Everything in the above quote is utterly wrong and against my philosophy.

In my opinion, such messages should be exclusively deliver over the Bitcoin's own network, signed by the private keys of the sender's bitcoins, and perhaps encrypted using the message receiver's public key (PGP over Bitcoin). Is it technically possible? I don't know, but it should be, since Bitcoin utilizes PKI and PGP is based on that.
899  Bitcoin / Development & Technical Discussion / Re: Dust threshold changed without any mention in 0.11.1 on: October 26, 2015, 10:20:44 PM
By the way, all normal money transferring methods allow you to attach a message to the payment. Bitcoin failed to provide such capabilities as a built-in feature. It makes so much sense to encode payment details in the bitcoin transaction and it isn't even wrong. How on Earth can you call encoding payment details in bitcoin TX an abusive behaviour when ALL BANKS ALLOW THIS on their centralized ledgers. That's it. My last sentence just demolished all arguments of any opponent to encoding payment details in the BTC TXs.
BIP70 which is for payment requests, allows both the customer and the merchant to attach memos to payments, although I don't think that these memos will be stored in the blockchain. However, AFAIK those memos do stay where you really need them, in your wallet. You don't need (or want) everyone to know what you were spending your Bitcoin on, which is what encoding those memos into transactions in the blockcahin would do.
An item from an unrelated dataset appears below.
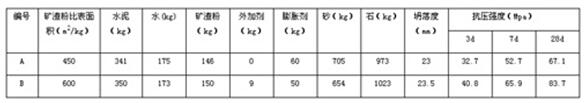 由表6數(shù)據(jù)可以看出:在含有礦渣配比20%的425礦渣水泥中摻入磨細(xì)礦渣微粉取代等量水泥后,水泥的早、后期強(qiáng)度非但沒有降低,反而有顯著的提高,充分說明磨細(xì)礦渣微粉具有優(yōu)良的潛在水硬活性,在水泥生產(chǎn)過程中對(duì)改善產(chǎn)品的物理力學(xué)性能具有重要意義。近年來,磨細(xì)礦渣微粉作為高活性礦物摻合料,已廣泛應(yīng)用于高性能、高強(qiáng)混凝土,并對(duì)其技術(shù)機(jī)理的研究逐步微觀化、系統(tǒng)化、深入化。不同比表面積磨細(xì)礦渣微粉應(yīng)用于混凝土中的試驗(yàn)數(shù)據(jù)見表7:

Ok that's cool, but are the memos cryptographically signed? Is it easy to verify that the text is written by the person who sent the bitcoins?
900  Bitcoin / Development & Technical Discussion / Re: Dust threshold changed without any mention in 0.11.1 on: October 26, 2015, 10:00:58 PM
The same can be applied to Bitcoin; abusing the system because you can afford to pay the fines does not make it OK and should be discouraged.

There's a difference between a fine and a fee you know. Bitcoin has fees. University had fines. You can't compare these two.

Who are you to dictate what is proper and what is not anyway? With the university it is at least explicit that the girl was doing the wrong thing. Can't say the same about bitcoin.

By the way, all normal money transferring methods allow you to attach a message to the payment. Bitcoin failed to provide such capabilities as a built-in feature. It makes so much sense to encode payment details in the bitcoin transaction and it isn't even wrong. How on Earth can you call encoding payment details in bitcoin TX an abusive behaviour when ALL BANKS ALLOW THIS on their centralized ledgers. That's it. My last sentence just demolished all arguments of any opponent to encoding payment details in the BTC TXs.